Fast forward to 2018. Buhari has unraveled. Those who warned about the real Buhari , and were shouted down by his rabid followers are having a last laugh. What we see today is a repeat of 1984. Made worse because Nigeria was a smaller country in 1984 than today. Smaller economy. Less complex . The world of 1984 was a bipolar world with US and Soviet Union pulling the world in different directions. When military governments were propped up by the super powers and were permitted to ruin their countries so long as it served any of them. Buhari was not a good president in 1984 and time would have revealed this. But he was overthrown by those who were alarmed by what they saw from the inside.

Unfortunately in a civilian government as of now, he has no saving grace. No one to truncate his tenure. Almost four years and all the glitter is gone. Corruption is running riot in his tenure. He has no capacity to manage. To control. To call to order. He cannot solve his problems with a decree. All his failings as a leader are laid before us. The man and the image do not match. Even his mostly rabid supporters are asking what went wrong. From initial dismay, some have abandoned him and today as rabidly against him as they were for him. Those who called me names four years ago when I pointed out that Buhari would unravel are now more anti Buhari than me. In fact, my emotion these days is mostly pity. Pity for his supporters who are caught between apologizing for their folly and still blaming Jonathan for foisting Buhari on us. I laugh at their discomfort. Human beings. Accepting you were blinded by hope and packaging is no easy task.

But the biggest tragedy that Buhari has wrought is his death knell on the anti corruption dream of his supporters. Nigeria is corrupt. Was . And is. When Buhari came to power, his aura, his image , his body language fought and banished the demons of corruption. Without a shot -fired. Nigerians were ready to fight corruption with him . They would have matched and killed for him to banish this scourge. Even non supporters like me were ready to give him benefit of doubt.

But his ineptitude. His perennial blaming of the past. His territorial worldview that created a weak and corrupt kitchen cabinet. His wrong reading of the today Nigeria were to put a stop to the anti corruption momentum. And corruption recovered . And the demons came back. As was said in the good books, when demons come back, they come back seven times stronger than when you first banished them.

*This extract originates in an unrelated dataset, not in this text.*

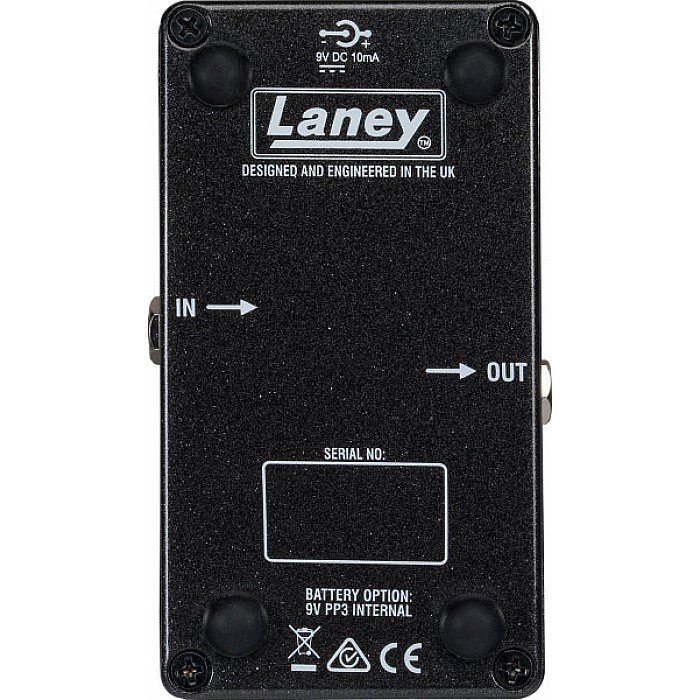 The guitarists here at here are love how easy it is to conjure up the perfect distortion tones with the Laney Monolith's straightforward 4-knob control set. The Distortion knob dials in the amount of gain and sustain, from subtle grit to massively distorted. The Range knob adjusts the amount of low-end content before distortion for a tighter sound — a must-have for muddy-sounding pickups. The Volume knob controls your output level; the Tone knob shapes the character of your distortion. You also get a 3-position Mode switch that toggles between D1 (a heavily compressed distortion), D2 (a softer, more expressive distortion), and Overdrive (subtle grit that's great for boosting the front end of your amp).

For majority of Nigerians , this president was the last hope to redeem ourselves as a country and put us on the path of progress and integrity. It was a misplaced hope. But it was a hope. He claimed the right to their hope without knowing the work that needed to convert it to reality. He owed these his followers to do his best. To deliver on his promise. Otherwise he did not have to make them. I suspect he did not know what the promise meant. That he made it for a different generation and was not aware that society did not exist anymore. And getting to office , he was just one out of touch leader past his prime that had good intention but no plan.

He will leave us worse than he found us. More demoralized . Corruption will grow muscles and wings while he is here. We have to find another hope for the fight that must be. The fight to start the journey of rebuilding Nigeria and claiming its promise . The fight to have hope for a better tomorrow. The hope to be like others . Even in this Africa we claim to be a giant. History will not be kind to him. But we should not be too hard on him. We were guilty as well . The signs were there all along. We just decided to believe.